**What is required:**
Retype, word for word, every line of the records below starting at the one that contains "The essence of" and ending at the one that contains "(Disney-MGM Studios, 1990s)"; include both of those lines and nothing more.

**Records shown:**
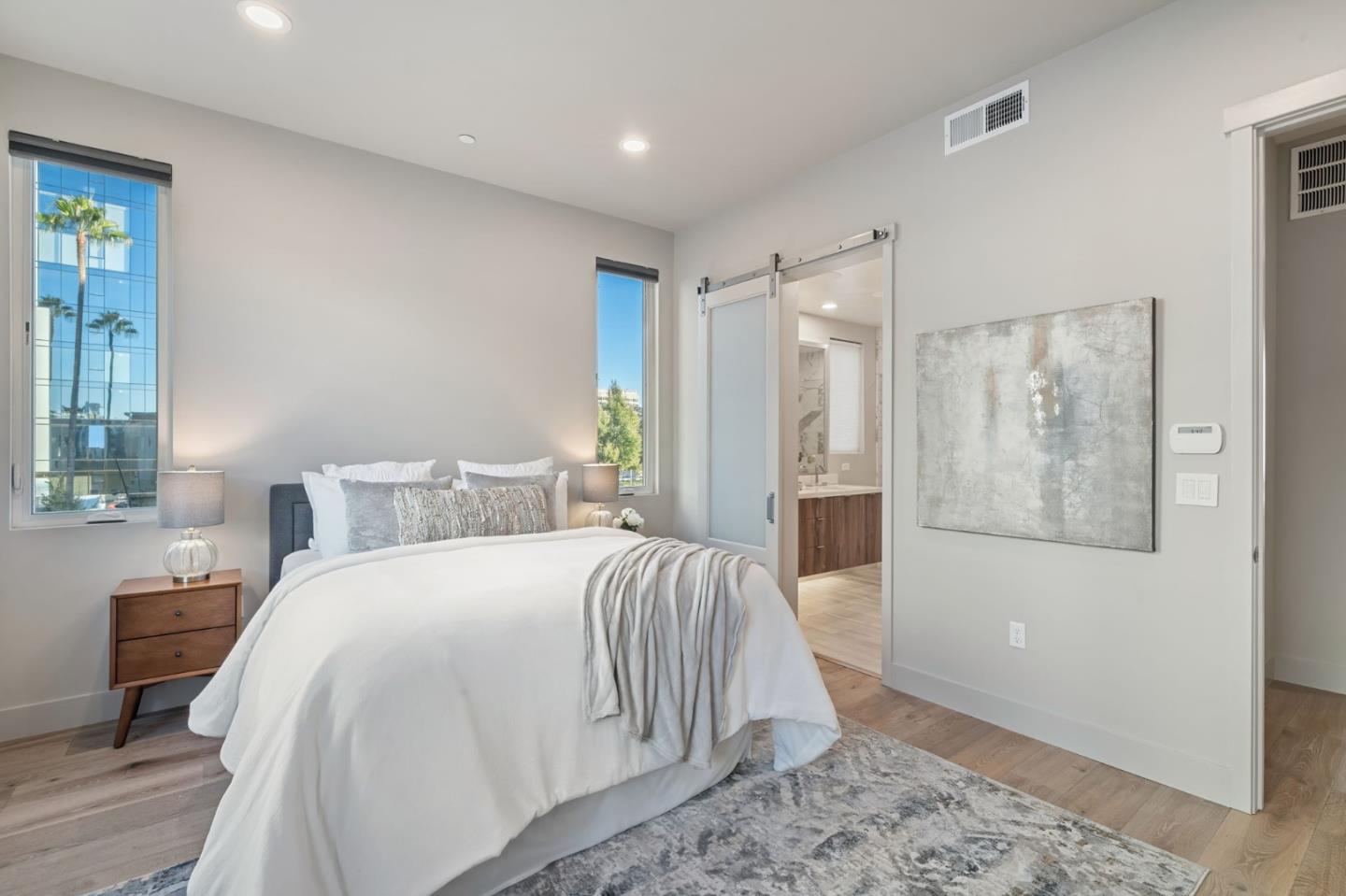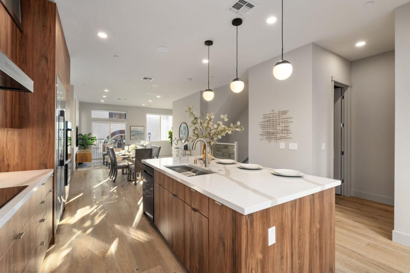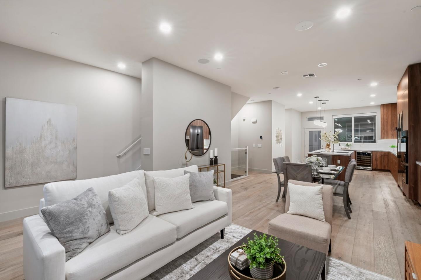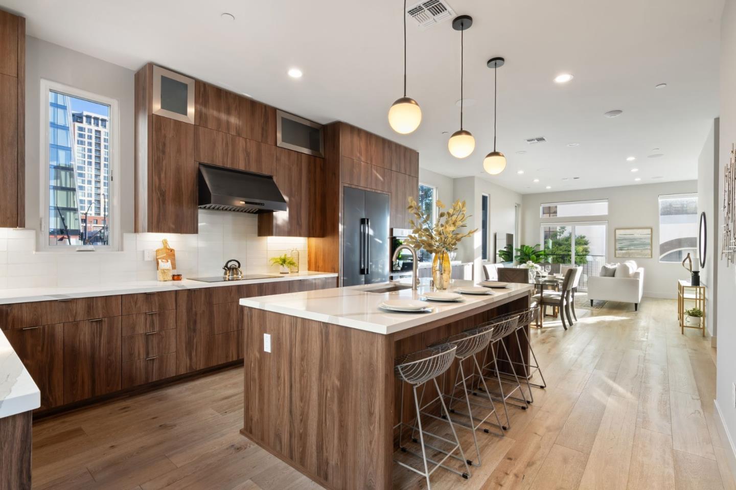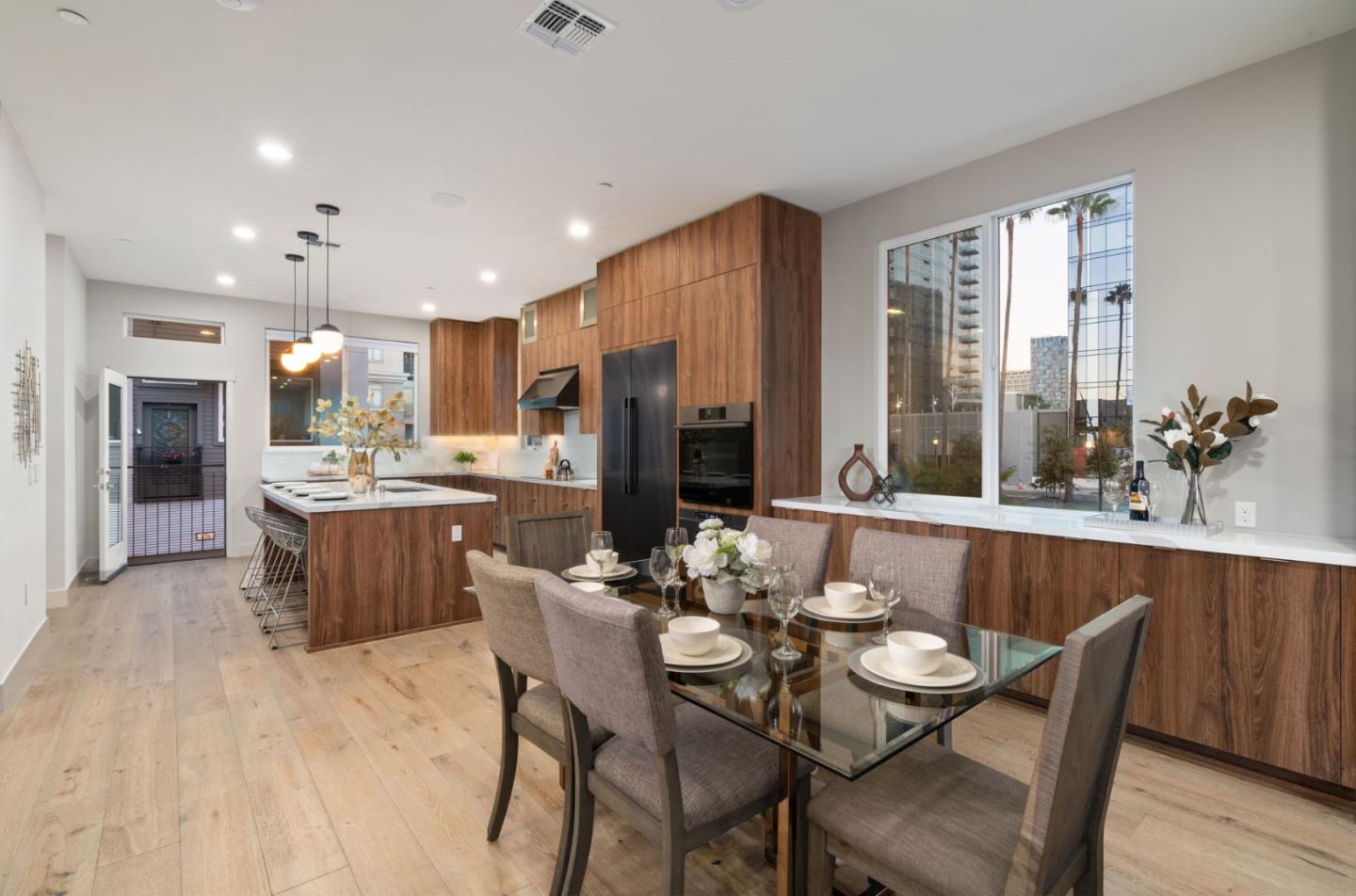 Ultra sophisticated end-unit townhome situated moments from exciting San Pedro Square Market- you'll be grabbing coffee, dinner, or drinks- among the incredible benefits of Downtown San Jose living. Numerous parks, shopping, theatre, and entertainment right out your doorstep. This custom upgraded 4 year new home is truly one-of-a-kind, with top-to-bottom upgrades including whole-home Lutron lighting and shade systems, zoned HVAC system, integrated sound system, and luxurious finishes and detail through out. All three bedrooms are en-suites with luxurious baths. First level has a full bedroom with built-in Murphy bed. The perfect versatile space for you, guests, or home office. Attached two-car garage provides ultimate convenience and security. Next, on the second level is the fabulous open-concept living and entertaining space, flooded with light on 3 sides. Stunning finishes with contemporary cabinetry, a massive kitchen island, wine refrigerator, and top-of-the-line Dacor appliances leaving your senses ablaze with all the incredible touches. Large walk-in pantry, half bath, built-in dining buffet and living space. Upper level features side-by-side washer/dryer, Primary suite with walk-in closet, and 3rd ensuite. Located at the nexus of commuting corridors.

==

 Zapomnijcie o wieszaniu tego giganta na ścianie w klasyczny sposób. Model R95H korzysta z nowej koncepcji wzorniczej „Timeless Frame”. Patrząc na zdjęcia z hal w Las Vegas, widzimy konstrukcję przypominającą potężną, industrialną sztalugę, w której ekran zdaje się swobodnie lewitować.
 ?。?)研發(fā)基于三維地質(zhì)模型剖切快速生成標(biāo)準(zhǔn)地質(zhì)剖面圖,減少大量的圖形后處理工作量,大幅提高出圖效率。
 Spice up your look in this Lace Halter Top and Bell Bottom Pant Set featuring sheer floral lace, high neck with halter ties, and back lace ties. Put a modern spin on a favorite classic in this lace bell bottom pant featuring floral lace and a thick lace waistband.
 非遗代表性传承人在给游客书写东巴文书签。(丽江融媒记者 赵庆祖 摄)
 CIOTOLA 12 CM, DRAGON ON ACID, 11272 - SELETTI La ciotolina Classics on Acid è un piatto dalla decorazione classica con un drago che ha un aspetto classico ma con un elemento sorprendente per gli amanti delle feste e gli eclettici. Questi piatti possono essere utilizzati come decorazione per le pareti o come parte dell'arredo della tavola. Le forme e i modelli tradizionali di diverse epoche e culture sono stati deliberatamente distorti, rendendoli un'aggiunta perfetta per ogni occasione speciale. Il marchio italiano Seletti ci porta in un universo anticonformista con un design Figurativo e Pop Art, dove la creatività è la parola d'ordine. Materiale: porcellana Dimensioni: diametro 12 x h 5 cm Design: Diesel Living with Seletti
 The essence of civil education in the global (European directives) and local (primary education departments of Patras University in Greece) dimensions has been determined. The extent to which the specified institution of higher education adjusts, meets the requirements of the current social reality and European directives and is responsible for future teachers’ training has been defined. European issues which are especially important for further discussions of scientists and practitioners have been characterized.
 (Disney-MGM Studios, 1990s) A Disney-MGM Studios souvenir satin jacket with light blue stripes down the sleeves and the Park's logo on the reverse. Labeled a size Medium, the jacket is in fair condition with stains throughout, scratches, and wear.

---

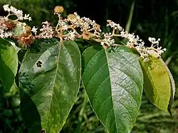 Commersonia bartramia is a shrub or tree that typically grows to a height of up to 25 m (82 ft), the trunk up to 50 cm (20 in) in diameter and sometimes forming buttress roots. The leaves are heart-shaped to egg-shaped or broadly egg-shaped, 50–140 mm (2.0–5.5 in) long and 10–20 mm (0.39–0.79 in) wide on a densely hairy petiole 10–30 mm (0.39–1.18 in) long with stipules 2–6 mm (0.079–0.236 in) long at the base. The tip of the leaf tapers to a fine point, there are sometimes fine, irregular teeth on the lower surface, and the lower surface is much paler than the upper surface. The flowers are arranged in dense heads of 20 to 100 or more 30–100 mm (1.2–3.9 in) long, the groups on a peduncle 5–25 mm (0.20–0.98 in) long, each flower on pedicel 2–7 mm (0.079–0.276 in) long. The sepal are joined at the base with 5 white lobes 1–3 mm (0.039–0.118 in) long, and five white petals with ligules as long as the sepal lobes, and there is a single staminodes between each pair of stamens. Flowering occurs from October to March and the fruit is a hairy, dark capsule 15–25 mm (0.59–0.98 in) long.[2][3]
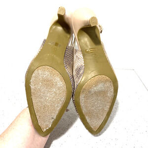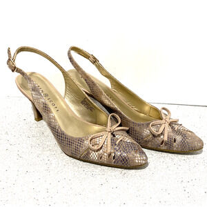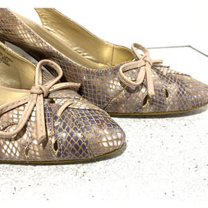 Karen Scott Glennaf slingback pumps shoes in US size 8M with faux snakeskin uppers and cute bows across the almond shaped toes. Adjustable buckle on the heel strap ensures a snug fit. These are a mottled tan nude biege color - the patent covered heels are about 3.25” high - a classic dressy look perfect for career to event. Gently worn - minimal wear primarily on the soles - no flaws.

**Exercise solution:**
 The essence of civil education in the global (European directives) and local (primary education departments of Patras University in Greece) dimensions has been determined. The extent to which the specified institution of higher education adjusts, meets the requirements of the current social reality and European directives and is responsible for future teachers’ training has been defined. European issues which are especially important for further discussions of scientists and practitioners have been characterized.
 (Disney-MGM Studios, 1990s) A Disney-MGM Studios souvenir satin jacket with light blue stripes down the sleeves and the Park's logo on the reverse. Labeled a size Medium, the jacket is in fair condition with stains throughout, scratches, and wear.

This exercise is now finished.